» **Work request**
Please give again, exactly and only, the stretch of lines from the one containing "Вопросы для проведения" to the end of the entries below.

» **Provided information**
=== Begin Enclosure ===

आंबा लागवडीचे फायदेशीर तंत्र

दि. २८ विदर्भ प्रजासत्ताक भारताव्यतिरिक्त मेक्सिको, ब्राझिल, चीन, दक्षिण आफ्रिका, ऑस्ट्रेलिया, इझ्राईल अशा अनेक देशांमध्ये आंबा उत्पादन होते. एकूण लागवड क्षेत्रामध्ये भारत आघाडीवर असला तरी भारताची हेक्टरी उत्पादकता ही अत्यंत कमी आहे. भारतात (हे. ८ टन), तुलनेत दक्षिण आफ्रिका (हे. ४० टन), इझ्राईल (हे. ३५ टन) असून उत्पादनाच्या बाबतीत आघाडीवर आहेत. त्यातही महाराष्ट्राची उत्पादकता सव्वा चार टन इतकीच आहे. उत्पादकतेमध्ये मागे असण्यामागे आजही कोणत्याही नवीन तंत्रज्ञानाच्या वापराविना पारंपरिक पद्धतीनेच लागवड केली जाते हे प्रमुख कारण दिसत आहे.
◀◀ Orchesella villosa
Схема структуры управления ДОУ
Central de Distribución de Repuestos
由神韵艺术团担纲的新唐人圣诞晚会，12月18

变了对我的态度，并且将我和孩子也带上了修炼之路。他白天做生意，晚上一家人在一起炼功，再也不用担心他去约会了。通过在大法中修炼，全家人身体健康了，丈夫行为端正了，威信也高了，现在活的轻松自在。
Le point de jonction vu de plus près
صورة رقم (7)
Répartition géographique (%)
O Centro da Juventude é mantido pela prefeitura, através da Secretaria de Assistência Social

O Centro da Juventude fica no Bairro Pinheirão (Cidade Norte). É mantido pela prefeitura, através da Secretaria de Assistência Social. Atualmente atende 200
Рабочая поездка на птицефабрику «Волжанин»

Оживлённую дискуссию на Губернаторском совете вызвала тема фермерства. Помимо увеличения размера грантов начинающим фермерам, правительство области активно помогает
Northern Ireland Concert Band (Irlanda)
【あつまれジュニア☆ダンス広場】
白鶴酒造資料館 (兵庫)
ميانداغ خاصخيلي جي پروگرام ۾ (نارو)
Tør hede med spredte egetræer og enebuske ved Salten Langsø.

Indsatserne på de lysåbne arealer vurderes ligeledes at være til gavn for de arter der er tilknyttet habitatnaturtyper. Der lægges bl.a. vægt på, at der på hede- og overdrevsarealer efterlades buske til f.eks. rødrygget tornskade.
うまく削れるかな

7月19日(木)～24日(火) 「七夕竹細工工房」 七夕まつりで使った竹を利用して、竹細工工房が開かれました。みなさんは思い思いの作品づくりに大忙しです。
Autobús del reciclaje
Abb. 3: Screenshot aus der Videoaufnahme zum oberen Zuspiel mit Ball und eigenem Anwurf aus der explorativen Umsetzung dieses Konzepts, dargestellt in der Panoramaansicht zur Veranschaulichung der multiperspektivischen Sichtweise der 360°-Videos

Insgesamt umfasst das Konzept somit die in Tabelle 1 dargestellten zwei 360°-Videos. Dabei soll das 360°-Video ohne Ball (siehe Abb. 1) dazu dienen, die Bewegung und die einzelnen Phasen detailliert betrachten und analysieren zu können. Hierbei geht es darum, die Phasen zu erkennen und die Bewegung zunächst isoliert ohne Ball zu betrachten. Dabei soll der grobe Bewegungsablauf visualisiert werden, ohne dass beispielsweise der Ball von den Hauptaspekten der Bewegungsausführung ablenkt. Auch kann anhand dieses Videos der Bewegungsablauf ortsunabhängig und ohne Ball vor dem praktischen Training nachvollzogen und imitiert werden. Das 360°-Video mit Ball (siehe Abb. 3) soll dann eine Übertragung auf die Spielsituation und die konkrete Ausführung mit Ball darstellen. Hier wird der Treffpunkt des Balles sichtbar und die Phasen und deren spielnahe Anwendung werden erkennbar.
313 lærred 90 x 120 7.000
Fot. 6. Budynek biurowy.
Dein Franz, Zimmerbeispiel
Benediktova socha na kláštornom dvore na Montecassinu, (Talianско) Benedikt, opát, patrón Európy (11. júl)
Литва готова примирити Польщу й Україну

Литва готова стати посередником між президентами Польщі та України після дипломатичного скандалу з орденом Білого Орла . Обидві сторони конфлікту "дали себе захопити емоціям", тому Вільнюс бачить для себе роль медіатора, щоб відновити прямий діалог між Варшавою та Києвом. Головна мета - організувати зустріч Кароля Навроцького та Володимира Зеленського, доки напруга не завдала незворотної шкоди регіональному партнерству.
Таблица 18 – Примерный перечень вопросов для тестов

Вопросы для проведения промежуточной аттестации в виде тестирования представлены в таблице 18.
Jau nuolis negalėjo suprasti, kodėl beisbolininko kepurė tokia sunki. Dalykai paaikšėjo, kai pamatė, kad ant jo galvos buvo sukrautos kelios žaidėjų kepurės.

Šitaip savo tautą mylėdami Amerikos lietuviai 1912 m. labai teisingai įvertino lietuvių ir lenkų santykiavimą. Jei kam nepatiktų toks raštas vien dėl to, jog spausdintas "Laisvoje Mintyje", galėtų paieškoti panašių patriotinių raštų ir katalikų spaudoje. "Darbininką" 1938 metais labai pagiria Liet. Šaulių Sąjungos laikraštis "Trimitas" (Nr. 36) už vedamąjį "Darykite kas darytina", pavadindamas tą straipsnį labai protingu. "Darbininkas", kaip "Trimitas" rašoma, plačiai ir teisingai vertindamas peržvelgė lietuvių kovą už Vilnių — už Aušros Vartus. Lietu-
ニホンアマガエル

=== End Enclosure ===

» **Output for this task**
Вопросы для проведения промежуточной аттестации в виде тестирования представлены в таблице 18.
Jau nuolis negalėjo suprasti, kodėl beisbolininko kepurė tokia sunki. Dalykai paaikšėjo, kai pamatė, kad ant jo galvos buvo sukrautos kelios žaidėjų kepurės.

Šitaip savo tautą mylėdami Amerikos lietuviai 1912 m. labai teisingai įvertino lietuvių ir lenkų santykiavimą. Jei kam nepatiktų toks raštas vien dėl to, jog spausdintas "Laisvoje Mintyje", galėtų paieškoti panašių patriotinių raštų ir katalikų spaudoje. "Darbininką" 1938 metais labai pagiria Liet. Šaulių Sąjungos laikraštis "Trimitas" (Nr. 36) už vedamąjį "Darykite kas darytina", pavadindamas tą straipsnį labai protingu. "Darbininkas", kaip "Trimitas" rašoma, plačiai ir teisingai vertindamas peržvelgė lietuvių kovą už Vilnių — už Aušros Vartus. Lietu-
ニホンアマガエル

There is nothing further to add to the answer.